As does `simplify_trig()`:

```sage: f.simplify_trig()
sqrt(-8*(4*sqrt(2) - 7)*x^4 + 16*(3*sqrt(2) - 5)*x^3)
```

And `simplify_rational()`:

```sage: f.simplify_rational()
sqrt(-8*(4*sqrt(2) - 7)*x^4 + 16*(3*sqrt(2) - 5)*x^3)
```

And `simplify_log()`:

```sage: f.simplify_log()
sqrt(-8*(4*sqrt(2) - 7)*x^4 + 16*(3*sqrt(2) - 5)*x^3)
```

It's only `simplify_radical()` that messes everything up (note I haven't called `n()` anywhere, so there are no numerical issues):

```sage: f.simplify_radical()
2*I*sqrt((4*sqrt(2) - 7)*x - 6*sqrt(2) + 10)*sqrt(2)*x^(3/2)
```

I don't want a random branch of the square root when I ask for a simplification. I want a simplification, but only if possible! Without more information, you can't simplify that expression. The rest of the simplify functions don't do anything, but that's the correct thing to do here.

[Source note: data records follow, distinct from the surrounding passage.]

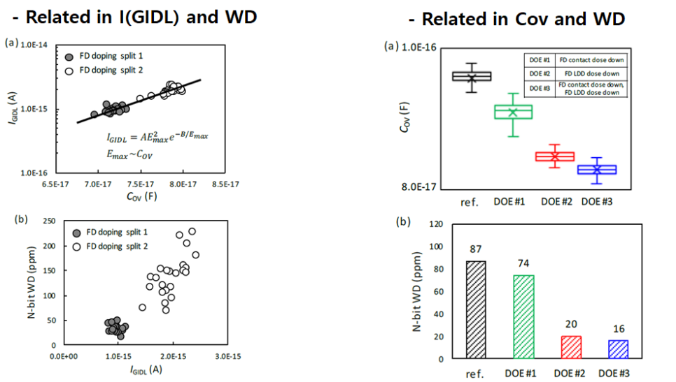 끝으로, 결과값을 비교한 그래프를 보게되면 FD의 도핑농도 즉, Drain의 도핑 프로파일에 따라 그래프 분포에 차이를 보이며, 도핑 프로파일이 작은 검정색으로 표현된 스플릿1(반대로 Cov = FD의 용량은 낮음)이 더욱 낮은 White Defect을 가지고 있음을 확인할 수 있다.
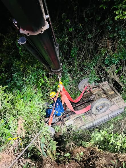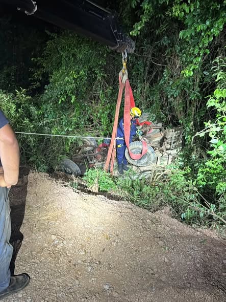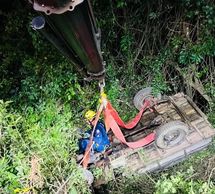Por se tratar de um local de difícil acesso, foi necessário o uso de um caminhão munk para efetuar a remoção do veículo e da vítima.
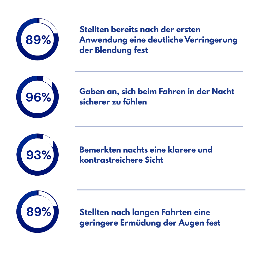 Tests haben gezeigt, dass die Blendung deutlich verringert wird und die Nachtsicht schon bei den ersten Anwendungen spürbar besser wird.

### comment:8 Changed 9 years ago by jdemeyer

• Milestone changed from sage-5.11 to sage-5.12

### Changed 9 years ago by mjo

Doctest for a subexpression of the one in the ticket

### comment:9 Changed 9 years ago by mjo

• Status changed from needs_info to needs_review

I just uploaded a slightly better doctest now that this is fixed.

### comment:10 follow-up: ↓ 11 Changed 8 years ago by jdemeyer

• Dependencies #12322 deleted
• Merged in set to sage-5.13.rc0
• Resolution set to fixed
• Reviewers set to Jeroen Demeyer
• Status changed from needs_review to closed

This doesn't seem to depend on #12322 at all.